***
Sekar mengepal tangan, menatap Ethan dengan sorot penuh dendam. “Aku tidak mau membuang waktumu yang berharga, Tuan Ethan. Katakan saja, aku tidak mau kita menghabiskan waktu bersama walau hanya sekedar bicara!”
Ethan mengangguk kaku, ekspresinya tak terbaca, hanya mata hijau yang menyipit. “Kau tahu berita heboh di luar, kan?” katanya, suara dalam, jari mengetuk meja kayu dengan irama pelan. “Foto kita di tangga festival. Aku tidak tahu siapa yang menyebarkannya—mungkin lawan bisnisku, atau saingan sanggarmu. Tapi sekarang, kita ikuti permainan mereka.” Ia berhenti, menatap Sekar intens. “Kita umumkan saja kita sudah menikah.”
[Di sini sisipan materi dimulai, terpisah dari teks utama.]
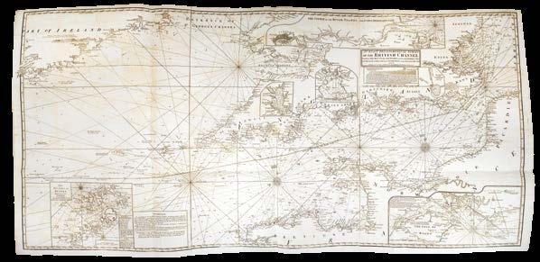 Large folio (540 by 385mm). 24 engraved charts and one tide table, all numbered in ink stencil, four of which folding, 18 double-page, and two single-page, the final engraving being “A new and correct tidetable for the British Channel” printed on a single sheet with right-hand margin folded complete with one moving dial, some light offsetting throughout; contemporary half calf over marbled-paper covered boards, rebacked and recornered to style.
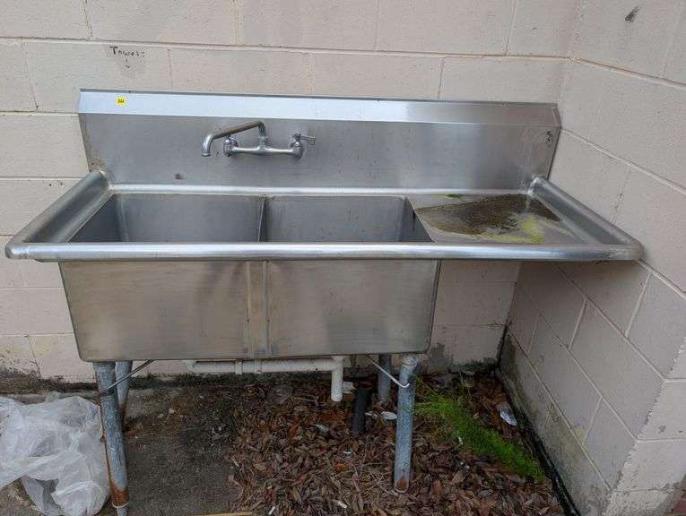 4'10" wide, 24" deep, 37" tall on front edge, 45" tall to backsplash. Damaged legs are in need of repair.
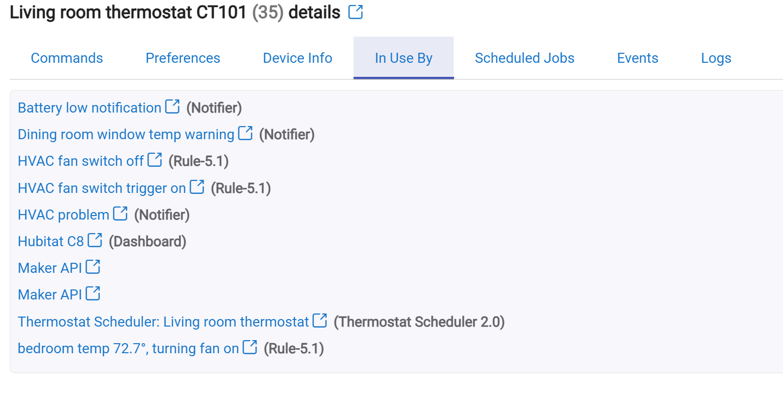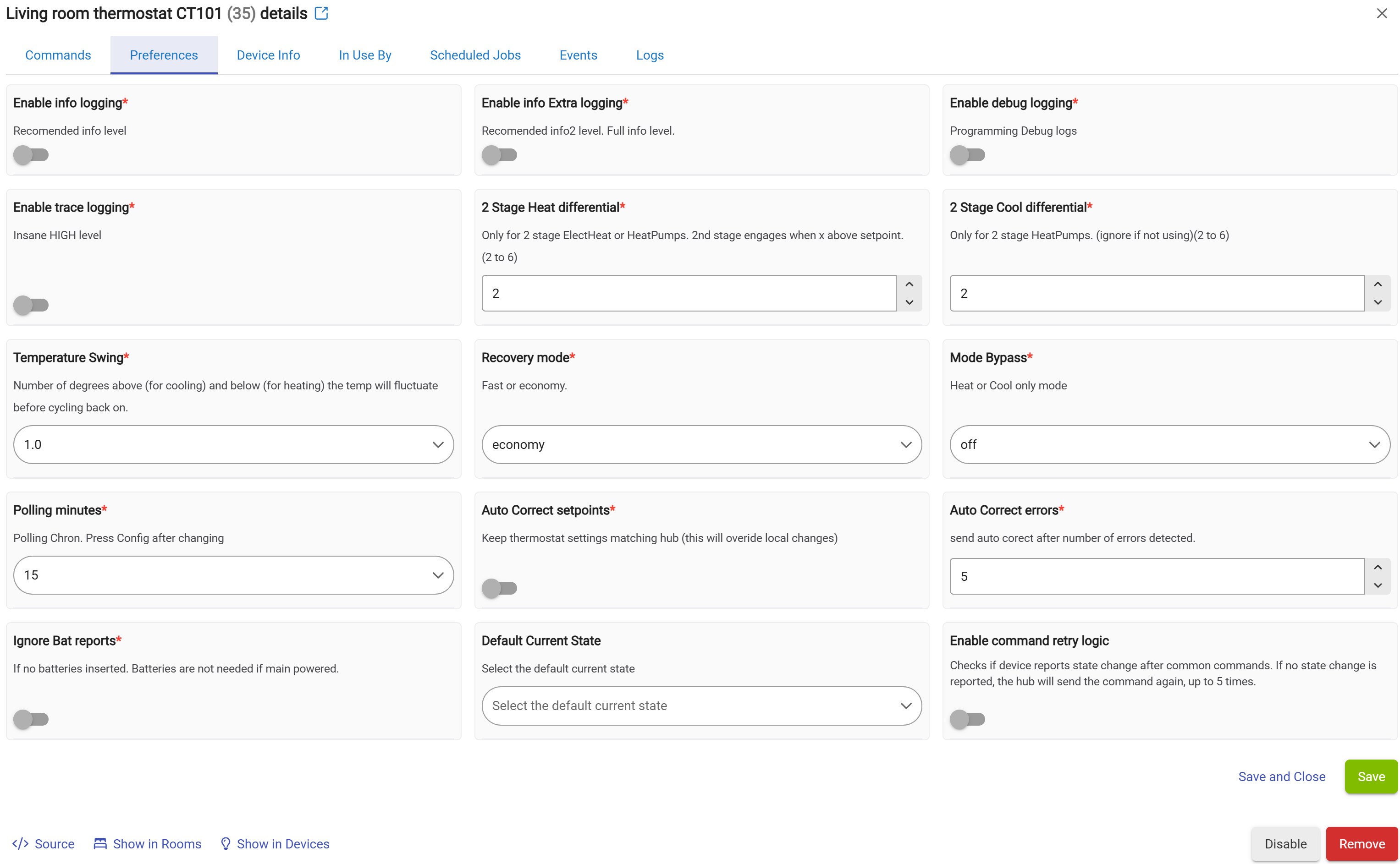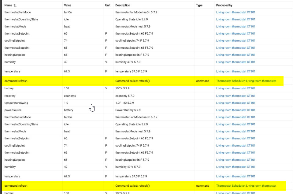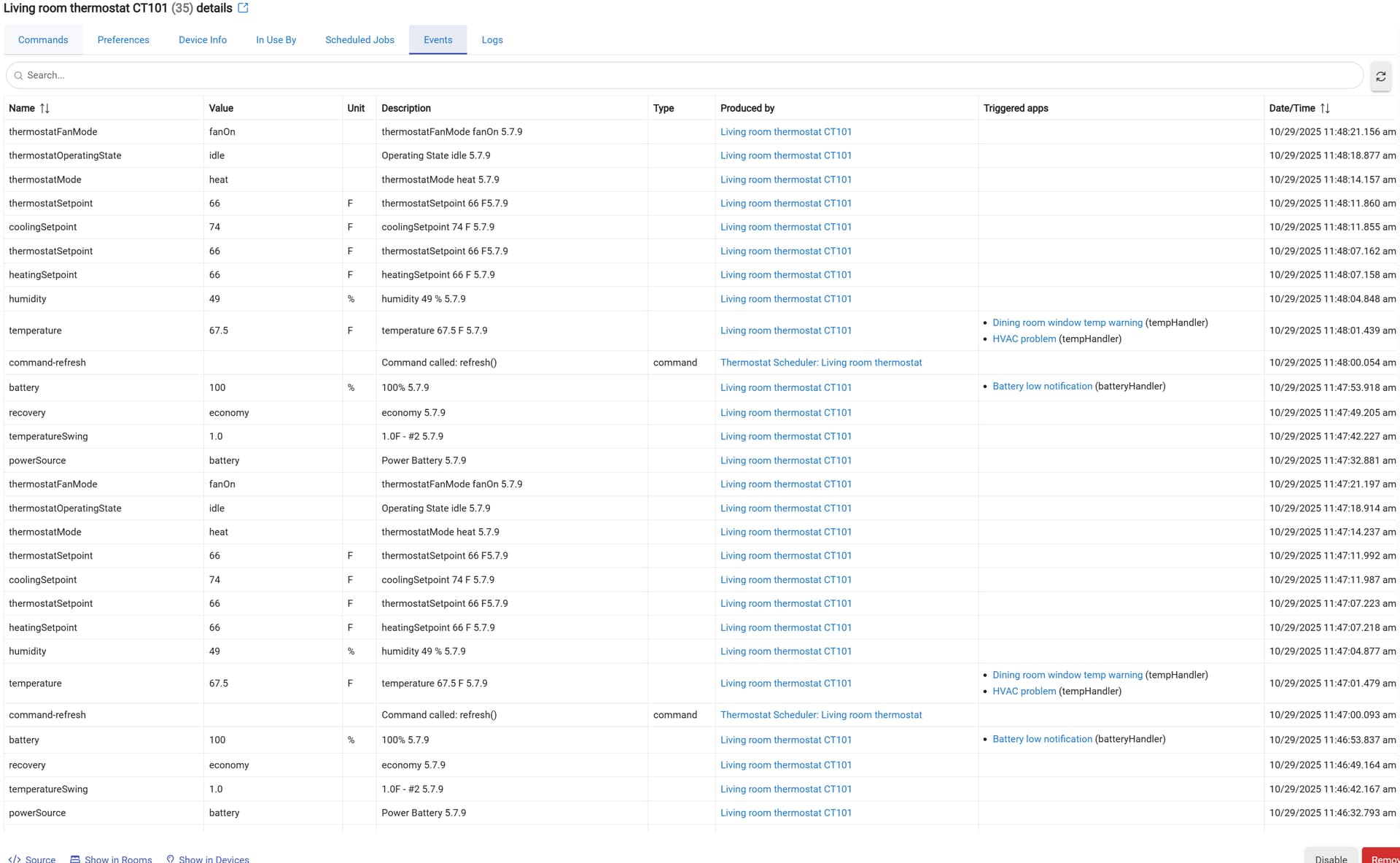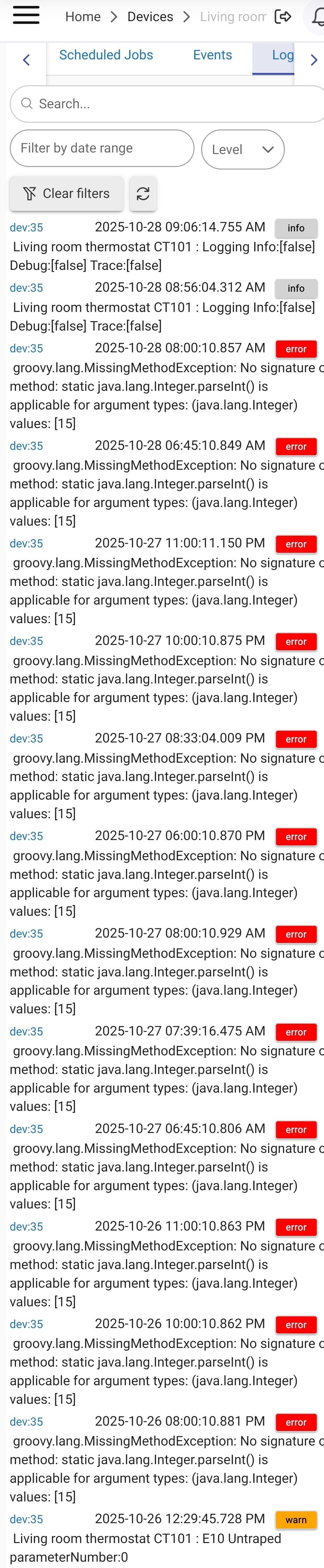 First screenshot is from the zwave log page. Second two are the zwave device page details (living room thermostat ct101), and the rest are from the logs on the device page next to events.

Sekar membelalak, napas tersengal. “Menikah?!” serunya, tangan mengepal. “Kita bisa klarifikasi ke media! Ajak panitia festival untuk akui kesalahan mereka! Akta nikah itu bisa dibatalkan!” Ia melangkah mendekat, matanya berkilat. “Masalah selesai, bukan? Kenapa harus main-main dengan ide gila begitu?!”
Ethan terdiam, jari masih mengetuk meja, ekspresinya dingin tapi penuh tekanan. “Lawan kita tidak akan diam,” katanya, suara rendah. “Kau mau sanggar Ketuk Tilumu hancur gara-gara skandal yang mereka putar lebih jauh?” Ia melangkah mendekat, jarak mereka kini hanya sejengkal, membuat Sekar harus mendongak.
Sekar mematung, kata-kata Ethan seperti pukulan. Ia membayangkan anak-anak didiknya di sanggar—tawa mereka saat menari Jaipong, mimpi mereka yang ia bangun dengan keringat bertahun-tahun sebagai influencer dan guru tari. “Dia ancam sanggarku,” batinnya, kemarahan bercampur ketakutan. Ia menelan ludah, matanya penuh api. “Jadi, Tuan Ethan, apa maumu?” tanyanya, suara tegang.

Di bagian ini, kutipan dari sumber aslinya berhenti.